I lived well enough, and pleased my master so well that he called me his
own boy; and I would have called him father, but he would not allow it, for
he had children of his own. I went three or four voyages with him, and grew
a great sturdy boy, when, coming home again from the banks of Newfoundland,
we were taken by an Algerine rover, or man-of-war; which, if my account
stands right, was about the year 1695, for you may be sure I kept no
journal.

I was not much concerned at the disaster, though I saw my master, after
having been wounded by a splinter in the head during the engagement, very
barbarously used by the Turks; I say, I was not much concerned, till, upon
some unlucky thing I said, which, as I remember, was about abusing my
master, they took me and beat me most unmercifully with a flat stick on the
soles of my feet, so that I could neither go or stand for several days
together.

But my good fortune was my friend upon this occasion; for, as they were
sailing away with our ship in tow as a prize, steering for the Straits, and
in sight of the bay of Cadiz, the Turkish rover was attacked by two great
Portuguese men-of-war, and taken and carried into Lisbon.

As I was not much concerned at my captivity, not indeed understanding the
consequences of it, if it had continued, so I was not suitably sensible of
my deliverance; nor, indeed, was it so much a deliverance to me as it would
otherwise have been, for my master, who was the only friend I had in the
world, died at Lisbon of his wounds; and I being then almost reduced to my
primitive state, viz., of starving, had this addition to it, that it was in
a foreign country too, where I knew nobody and could not speak a word of
their language.

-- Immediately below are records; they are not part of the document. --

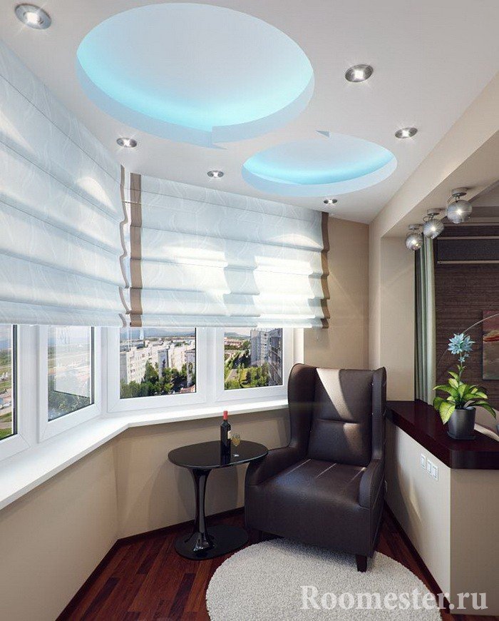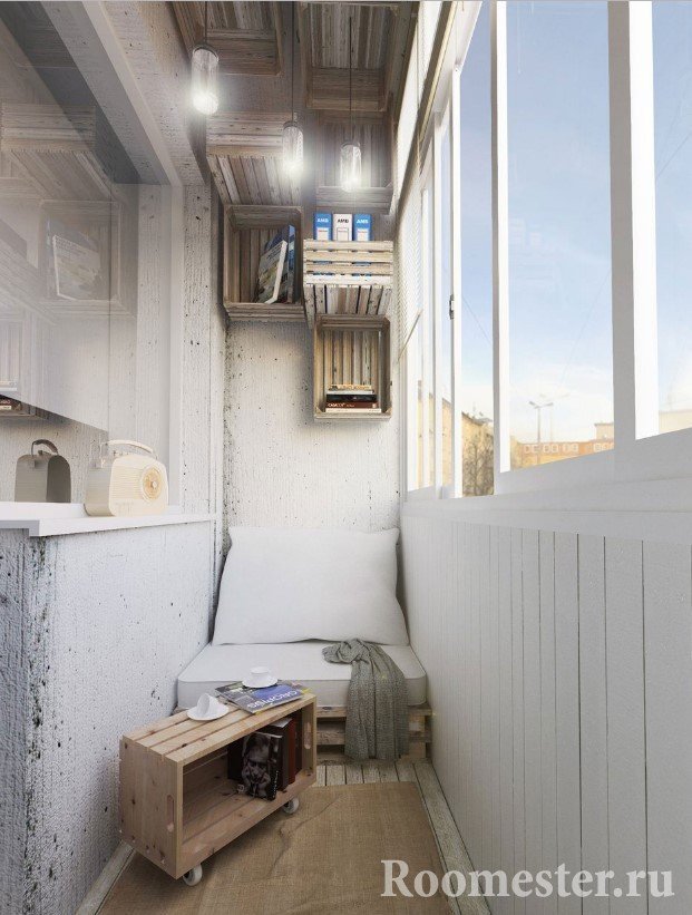 Даже на такой миниатюрной площади можно создать уютный уголок, в котором найдется место для отдыха и для хранения вещей. Можно установить небольшое угловое кресло, под сиденьями которого оборудованы тумбочки, закрепить пристенный откидной столик. Для хранения мелочей подойдут припотолочные полки или антресоли.
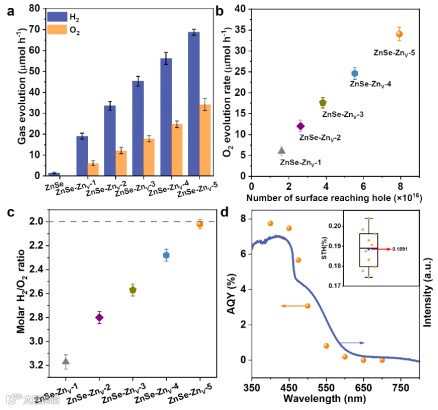 我们评估了ZnSe纳米线在无任何助催化剂的纯水中的全解水性能。最佳催化剂ZnSe-Znv-5纳米线的H2和O2产率分别为68.7 mol h-1和34.1 mol h-1,优于最近报道的大多数金属硫族化物光催化剂。此外发现ZnSe-Znv纳米线上产生的O2量随着到达光催化剂表面的空穴数的增加而增加。这些实验结果与计算结果吻合,即高Ea和低Ch+确实是ZnSe上OER反应的瓶颈。此外,ZnSe-Znv纳米线上的H2/O2摩尔比随着Znv浓度的增加而降低,最佳催化剂ZnSe-Znv-5纳米线的H2/O2摩尔比~2。
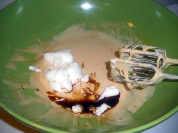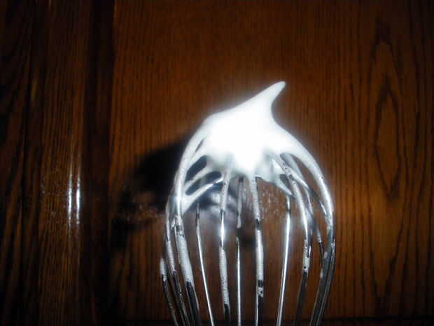 Después de que el azúcar alcance 240oF, apaga el fuego. Lentamente Vierta la mezcla sobre la gelatina y mezcle a baja velocidad. ¡Ten cuidado! El azúcar es como magma delicioso en este momento. Magma es caliente, muy caliente. A quemar, quemar realmente! RESISTIR a lamer las aspas en todos los costos - tanto como usted puede! Totalmente incorporados, una vez el mezclador a alta y batir durante 6-8 minutos hasta que la mezcla ha crecido en tamaño y se convierte en brillante y esponjoso.

However, I fared better here than I had reason to expect;
for when all the rest of our men had their liberty to go where they would,
I, that knew not whither to go, stayed in the ship for several days, till
at length one of the lieutenants seeing me, inquired what that young
English dog did there, and why they did not turn him on shore.

I heard him, and partly understood what he meant, though not what he said,
and began then to be in a terrible fright; for I knew not where to get a
bit of bread; when the pilot of the ship, an old seaman, seeing me look
very dull, came to me, and speaking broken English to me, told me I must be
gone. "Whither must I go?" said I. "Where you will," said he, "home to your
own country, if you will." "How must I go thither?" said I. "Why, have you
no friend?" said he. "No," said I, "not in the world, but that dog,"
pointing to the ship's dog (who, having stolen a piece of meat just before,
had brought it close by me, and I had taken it from him, and ate it), "for
he has been a good friend, and brought me my dinner."